Psikolojide Projeksiyon Efekti (yansıtma) bir çeşit savunma mekanizmasıdır. Bu durum istenmeyen duyguları ve arzuları kabullenmek veya bunlarla uğraşmak yerine; karşı tarafa yansıtmak olarak tanımlanmaktadır.
Projeksiyon efekti kişinin istenmeyen düşünce ve davranışlarını başka bir kişiye yansıtması olarak açıklanmaktadır. Psikolojik Projeksiyon (Yansıtma) kavramı ise ilk kez psikanalizin kurucusu Sigmund Freud tarafından kullanılmıştır. Freud, hastalarıyla seans yaparken zaman zaman onların başkalarını da kendilerinin sahip olduğu duyguların aynısına sahip olmakla suçladıklarını fark etmiştir. Bu davranış ise, kişinin kabullenmekte zorlandığı duygularıyla daha iyi başa çıkabilmesini sağlamaktaydı.
Yansıtma temel olarak iki ana başlığa ayrılabilir. Birincisi kişinin kendi beceriksizliği ve eksikliği yüzünden ortaya çıkan aksaklıkları başkalarına yüklemesidir. Ve ikinci olarak kişinin genel olarak onaylanmayan, istenmeyen duygu, istek ve davranışlarını başkalarına yakıştırmasıdır. Kısacası yansıma tamamen kendi baş edemediği duygularını karşı tarafa yüklemektir. Çünkü başarısız ve zayıf taraflarını kabullenebilen, içindeki iyi ve kötü şeyleri düşünmekte rahat olan insanlar; yansıtma yapmaya eğilimli değildirler.
Projeksiyon efektini yaşayan ilişkiler de ise durum şu şekildedir; partnerlerden birinin iç dünyasının yansıması olarak eşinin kendisini sürekli aldatacağı düşüncesi projeksiyon efektinin en genel örneklerindendir. Aynı zamanda yaşamları boyunca kendi hedeflerine ulaşamamış ailelerin de çocuklarını sürekli başarılı olmaya zorlamaları da bu duruma bir örnektir. Ayrıca unutulmaması gereken en önemli konu ise; sizden nefret ettiğini düşündüğünüz birinin aslında sadece sizin o kişiye beslediğiniz duyguların yansıması olabileceğidir.
Bu sebeple olumsuz bir duyguyu veya toplum tarafından kabul görmeyecek bir arzuyu kabul etmek yerine onun varlığından kaçmak ve aynı zamanda bu durumu; başkalarını ezmek, sindirmek, küçültmek için kullanmak bir davranış bozukluğu ve ruhsal bir problemdir.

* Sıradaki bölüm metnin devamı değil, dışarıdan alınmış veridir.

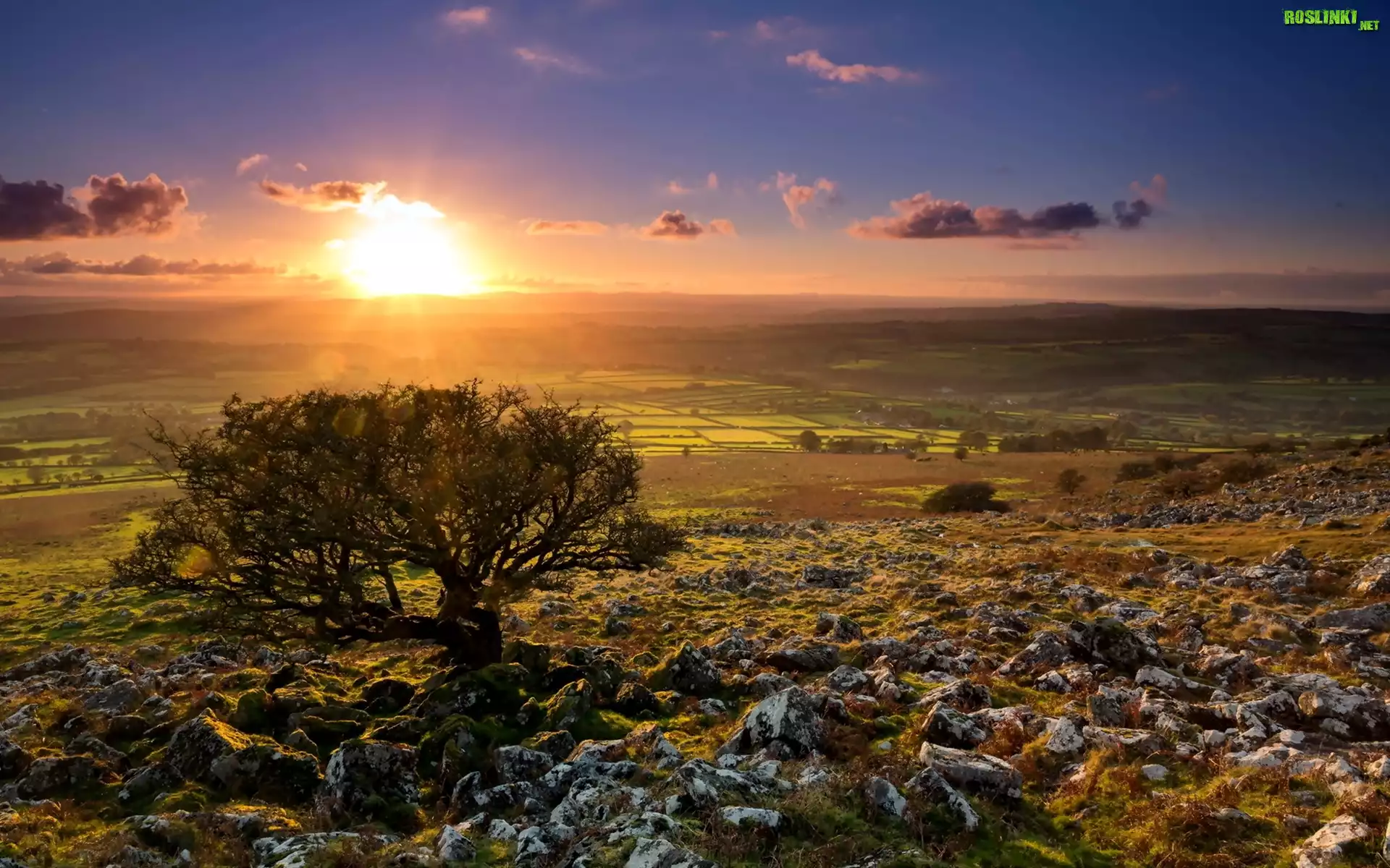 Rośliny: Zachód, Słońca, Drzewo, Skałki

Sonuç olarak kendi duygularınıza sahip çıkma sorumluluğunu üstlendiğiniz zaman, yansıtma yapmaktan da vazgeçerek sevdiğiniz insanları bütün muhteşemlikleriyle, kendileri olarak görebilirsiniz.
Yapılan araştırmalara göre yansıtma narsistik kişilik özelliği olarak da ortaya çıkmaktadır. Çünkü narsist kişiler tüm yanlışların sorumlusu olarak hep karşı tarafı görmektedirler. Bu kişilerin kendilerinde bir hata, eksiklik veya kusur olabileceği düşüncesi olmadığından; her türlü problemde kendi yanlışlarını karşı tarafa yansıtmayı seçerler. Kendilerini mükemmel olarak gören bu kişilerin dünyası egoları üzerine kurulmuştur. Bu sebeple kendi dünyalarını koruyabilmek için suçu rahatlıkla başkalarına atabilmektedirler.

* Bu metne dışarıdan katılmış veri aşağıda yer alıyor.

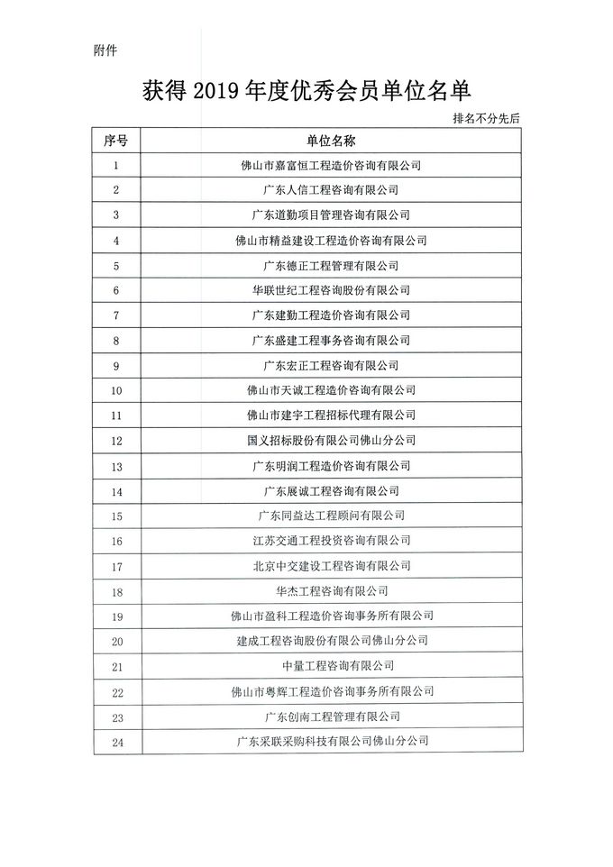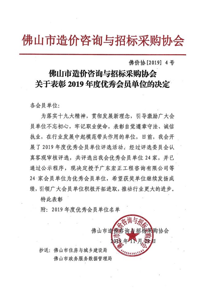 佛山市造價咨詢與招標采購協會關于表彰2019年度優秀會員單位的決定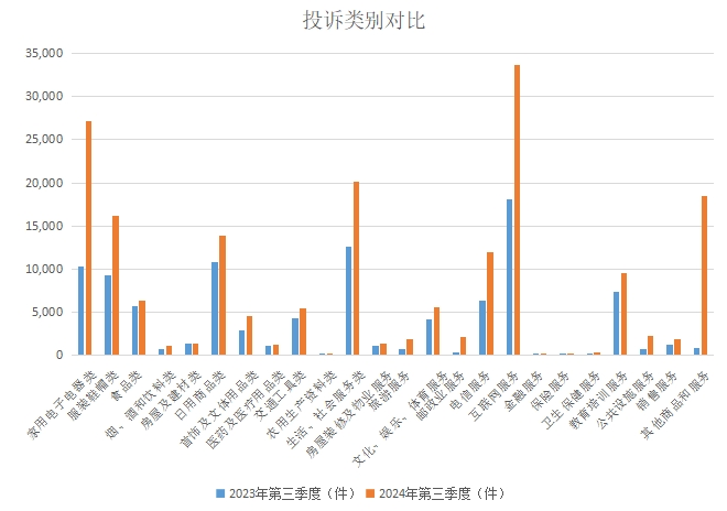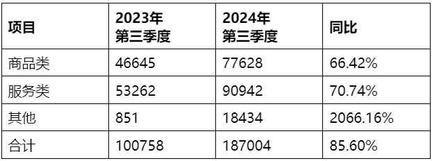 表1:2023年、2024年第三季度商品類、服務(wù)類投訴量對比

Eğer sizde kendinizde Psikolojik Projeksiyon (Yansıtma) gibi bir durumun içerisinde hissediyorsanız bu durumdan kurtulmanız mümkündür. Öncelikle yapmanız gereken en önemli şey kendinizi olduğunuz gibi; eksiklerinizle hatalarınızla ve yanlışlarınızla kabul etmektir. Özellikle de zayıf yönlerinizi gözden geçirmek sizin için iyi bir başlangıç olacaktır.
Yaşadığınız bir olayı ya da kendi davranışlarınızı objektif olarak gözden geçirin. Kendi yaptığınız şeyler için başkalarını suçlayıp suçlamadığınızı veya başkalarına hatalı bir şekilde olumsuz özellikler yükleyip yüklemediğinizi kontrol edin. Bu işlemi yaparken notlar almanız sizin için daha faydalı olacaktır. Böylece hatalarınız daha net görebileceksiniz.
Sonuç olarak ise; yansıtma yaptığınızı kabul edecek ve insanlarla etkileşim içindeyken bu eğilimin daha çok farkına varacaksınız. Böyle durumlarda savunmaya geçmek yerine sorunlarla ve anlaşmazlıklarla yüzleşmeyi seçeceksiniz.